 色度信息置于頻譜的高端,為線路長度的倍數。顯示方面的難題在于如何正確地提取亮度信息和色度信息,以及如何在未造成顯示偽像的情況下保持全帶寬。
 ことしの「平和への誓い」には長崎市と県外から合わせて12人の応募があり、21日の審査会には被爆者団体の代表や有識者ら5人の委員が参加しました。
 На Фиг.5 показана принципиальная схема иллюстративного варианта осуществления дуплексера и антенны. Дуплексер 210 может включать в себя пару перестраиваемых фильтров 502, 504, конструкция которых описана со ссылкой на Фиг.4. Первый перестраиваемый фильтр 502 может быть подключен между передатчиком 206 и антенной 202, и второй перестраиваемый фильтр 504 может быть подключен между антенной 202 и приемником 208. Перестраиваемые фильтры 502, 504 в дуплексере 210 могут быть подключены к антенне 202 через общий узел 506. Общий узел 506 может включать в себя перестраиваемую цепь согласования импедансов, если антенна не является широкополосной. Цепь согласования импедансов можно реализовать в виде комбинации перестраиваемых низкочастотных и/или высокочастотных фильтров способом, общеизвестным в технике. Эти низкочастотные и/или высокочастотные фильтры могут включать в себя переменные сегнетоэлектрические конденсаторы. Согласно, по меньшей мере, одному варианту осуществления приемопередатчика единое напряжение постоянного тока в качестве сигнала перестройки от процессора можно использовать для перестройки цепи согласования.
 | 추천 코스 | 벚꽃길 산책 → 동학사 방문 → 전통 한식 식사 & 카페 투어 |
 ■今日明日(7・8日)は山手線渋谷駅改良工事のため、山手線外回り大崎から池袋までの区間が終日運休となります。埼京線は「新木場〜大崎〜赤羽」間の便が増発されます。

==

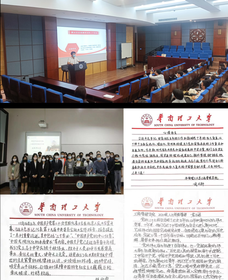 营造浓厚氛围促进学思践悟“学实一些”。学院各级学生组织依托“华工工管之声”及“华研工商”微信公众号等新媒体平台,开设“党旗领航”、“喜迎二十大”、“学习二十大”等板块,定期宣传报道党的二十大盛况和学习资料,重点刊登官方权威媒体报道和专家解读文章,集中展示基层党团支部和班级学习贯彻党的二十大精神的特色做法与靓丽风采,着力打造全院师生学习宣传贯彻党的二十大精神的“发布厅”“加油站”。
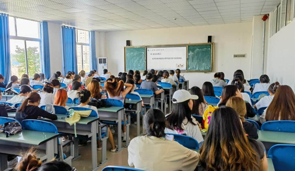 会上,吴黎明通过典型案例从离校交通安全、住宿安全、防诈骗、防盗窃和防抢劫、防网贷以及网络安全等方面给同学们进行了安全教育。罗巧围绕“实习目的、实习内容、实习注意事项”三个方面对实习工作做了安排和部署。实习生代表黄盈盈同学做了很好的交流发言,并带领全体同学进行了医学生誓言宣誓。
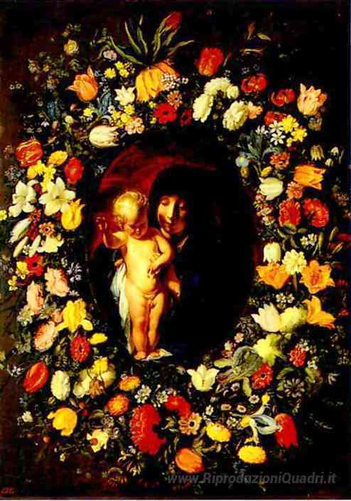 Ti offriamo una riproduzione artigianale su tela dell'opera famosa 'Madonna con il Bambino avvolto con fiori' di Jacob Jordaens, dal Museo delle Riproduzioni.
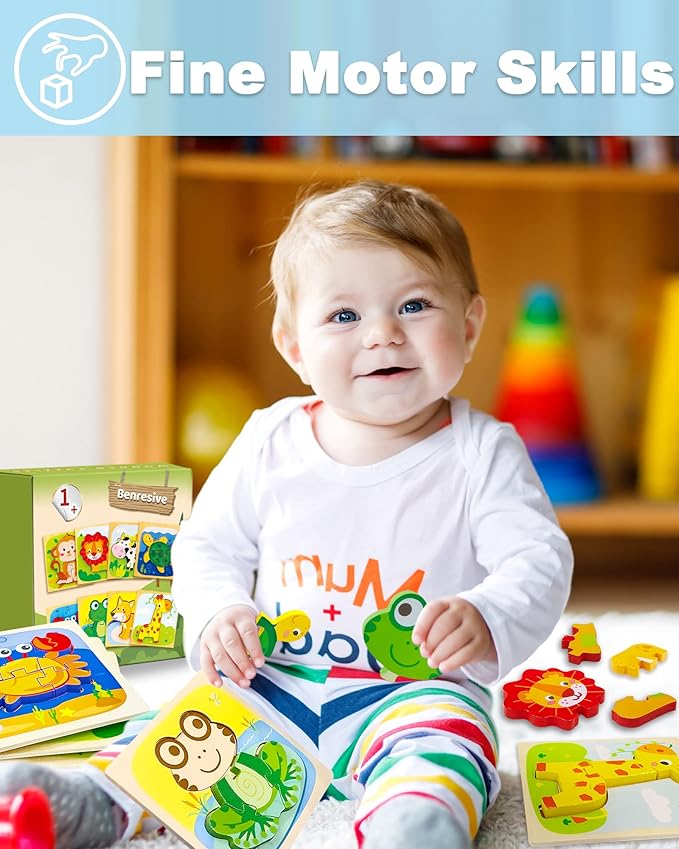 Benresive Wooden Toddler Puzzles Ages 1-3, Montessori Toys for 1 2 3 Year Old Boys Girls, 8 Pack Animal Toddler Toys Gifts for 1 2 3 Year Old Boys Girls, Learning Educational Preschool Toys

_Task statement_
Set down, exactly as they stand above, the lines starting with the line with "色度信息置于頻譜的高端,為線" and going on through the line with "ことしの「平和への誓い」には", and no others.

_Written reply_
 色度信息置于頻譜的高端,為線路長度的倍數。顯示方面的難題在于如何正確地提取亮度信息和色度信息,以及如何在未造成顯示偽像的情況下保持全帶寬。
 ことしの「平和への誓い」には長崎市と県外から合わせて12人の応募があり、21日の審査会には被爆者団体の代表や有識者ら5人の委員が参加しました。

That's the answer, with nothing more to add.